There's only one conclusion to draw here: the FDA doesn't care about public health.
"Vaping" is seen by government health nannies as yet another sinful behavior that irresponsible Americans are participating in when they could be eating kale salads instead. But that takes a fundamentally misguided point of view on the subject. What vaping really constitutes is a tobacco alternative that has enabled millions of smokers to wean themselves off of a harmful habit.
The new FDA regulations will require vaping companies to complete application requirements that will take more than 5,000 hours to complete and will cost over $300,000 for each product, according to the Wall Street Journal. This is incredibly onerous for smaller vaping companies – the exact ones that have pioneered the radical innovation and competition and allowed the industry to flourish – while giving the huge tobacco companies a leg up for their own vape products. (Not to mention that smaller numbers of vapers likely means larger numbers of smokers of traditional tobacco products.)
The right way to think of vaping is as a quitting mechanism. Yes, in a vacuum, vaping is more harmful than complete abstinence. But studies have shown - over and over again - that it's much less harmful than smoking traditional tobacco products. Many have been able to make the transition away from smoking tobacco to vaping, and to good results.

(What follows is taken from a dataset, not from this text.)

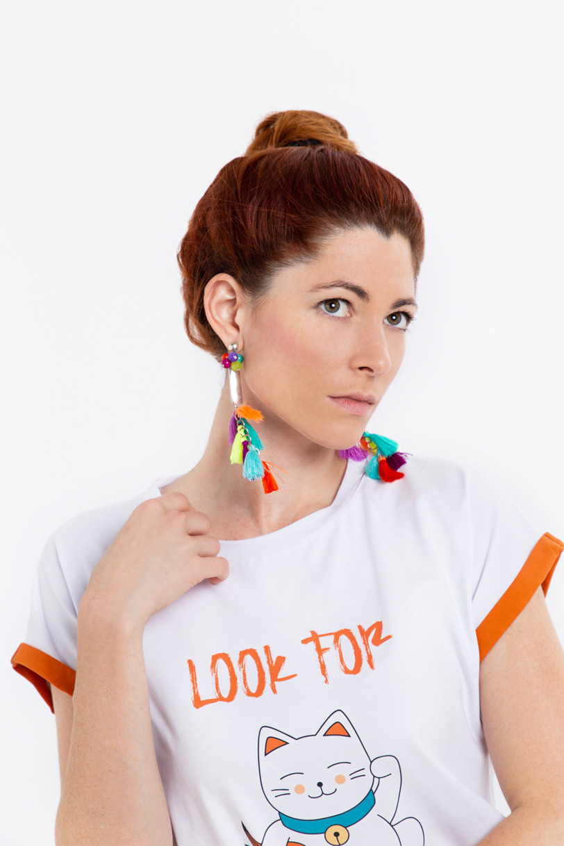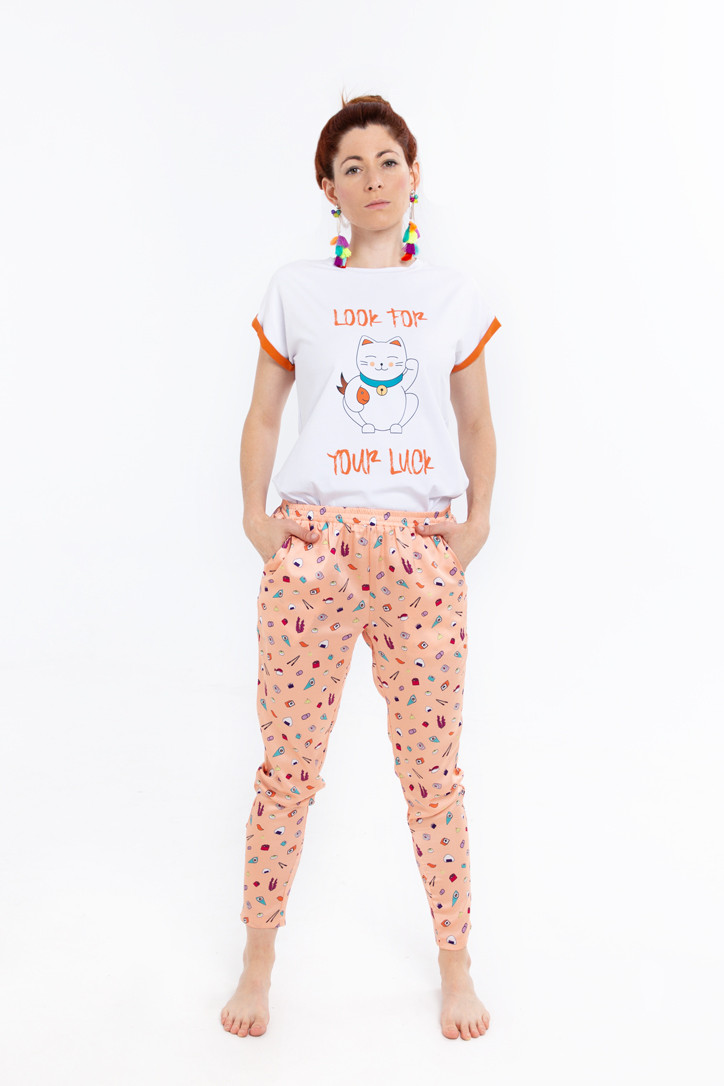 Sushi Orgie: Collection pour toxicomanes de sushis! · T-shirt de coton à 95% et 5% de spandex avec chat de la chance chinois. · Col rond. · Manches courtes orange. · Le modèle porte la taille et mesure 170 cm. Composition et lavage de la machine à laver à l'eau froide. N'utilisez pas d'eau de Javel. N'utilisez pas de sèche-linge. Suspendu sec à l'ombre. Repassage à la température maximale de la plaque intérieure de 110º. Laver avec des couleurs similaires. Composition: 95% coton 5% spandex. Couleur blanche.

Indeed, the new FDA regulations fly in the face of a report out of the U.K. Last week. The study suggested, explicitly, that tobacco users switch to vaping products in order to reduce the harm to themselves.
The Royal College of Physicians reviewed the literature on the potential costs and benefits of vaping, and came to a conclusion that the FDA would have been wise to heed. “The RCP believes that e-cigarettes could lead to significant falls in the prevalence of smoking.. prevent many deaths and episodes of serious illness, and help to reduce the social inequalities in health that tobacco smoking currently exacerbates.”

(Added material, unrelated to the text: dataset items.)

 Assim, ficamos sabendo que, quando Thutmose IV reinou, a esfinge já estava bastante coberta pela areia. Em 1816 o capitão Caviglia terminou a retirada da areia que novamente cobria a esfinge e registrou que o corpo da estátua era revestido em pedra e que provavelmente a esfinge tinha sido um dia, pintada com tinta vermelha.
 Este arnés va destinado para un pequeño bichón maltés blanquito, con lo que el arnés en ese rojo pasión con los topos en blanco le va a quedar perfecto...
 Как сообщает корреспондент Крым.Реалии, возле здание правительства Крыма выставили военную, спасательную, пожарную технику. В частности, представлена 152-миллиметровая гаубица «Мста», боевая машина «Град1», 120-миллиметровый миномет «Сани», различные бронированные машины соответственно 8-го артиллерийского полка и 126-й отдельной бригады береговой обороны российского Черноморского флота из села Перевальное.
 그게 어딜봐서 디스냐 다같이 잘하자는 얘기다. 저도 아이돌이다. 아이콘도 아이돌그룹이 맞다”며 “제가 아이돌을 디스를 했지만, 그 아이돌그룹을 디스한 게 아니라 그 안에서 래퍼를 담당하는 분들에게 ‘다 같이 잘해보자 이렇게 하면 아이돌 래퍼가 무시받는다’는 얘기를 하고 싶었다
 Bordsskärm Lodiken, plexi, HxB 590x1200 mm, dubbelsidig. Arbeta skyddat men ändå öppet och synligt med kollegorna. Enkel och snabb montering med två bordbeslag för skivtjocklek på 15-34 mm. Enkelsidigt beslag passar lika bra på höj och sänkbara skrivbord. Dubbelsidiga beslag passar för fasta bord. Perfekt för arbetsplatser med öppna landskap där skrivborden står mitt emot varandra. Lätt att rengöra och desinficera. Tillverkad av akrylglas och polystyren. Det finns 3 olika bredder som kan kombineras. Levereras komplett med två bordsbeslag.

Anecdotally, I've seen this to be the case. I know friends who tried to quit smoking for years, using all different kinds of methods – therapy, patches, gum, everything available – but were only able to succeed at quitting when they were able to make the switch to e-cigarettes.
What the nannies and the neo-prohibitionists at the FDA are concerned about is people picking up vaping out of the blue. That perhaps there's a teenager who doesn't smoke and would never smoke who picks up vaping, which is on net potentially more unhealthy than doing nothing. Indeed, vaping is on the rise among teenagers, even among those who don't smoke.
The only problem with this concern is that there's no data to support it. As the New York Times wrote, “worries about [vaping] – including that using them will lead young people to eventually start smoking traditional cigarettes — have not come to pass.”
The FDA as an organization has consistently erred on the side of caution and a harmful status quo. From slow-rolling drug approval to the urge to regulate first, the FDA sees itself not as merely an
The FDA's alarmism is unfortunately going to push more people into smoking rather than letting this encouraging trend to continue. Unfortunately for Americans, the health nannies at the FDA take a regulate-first ask-questions-later approach, specifically refusing to focus on the good of harm reduction that the vaping habit has enabled. The FDA thinks that the choice is between vaping and nothing, when what's actually happening is that the FDA is choosing smoking over vaping.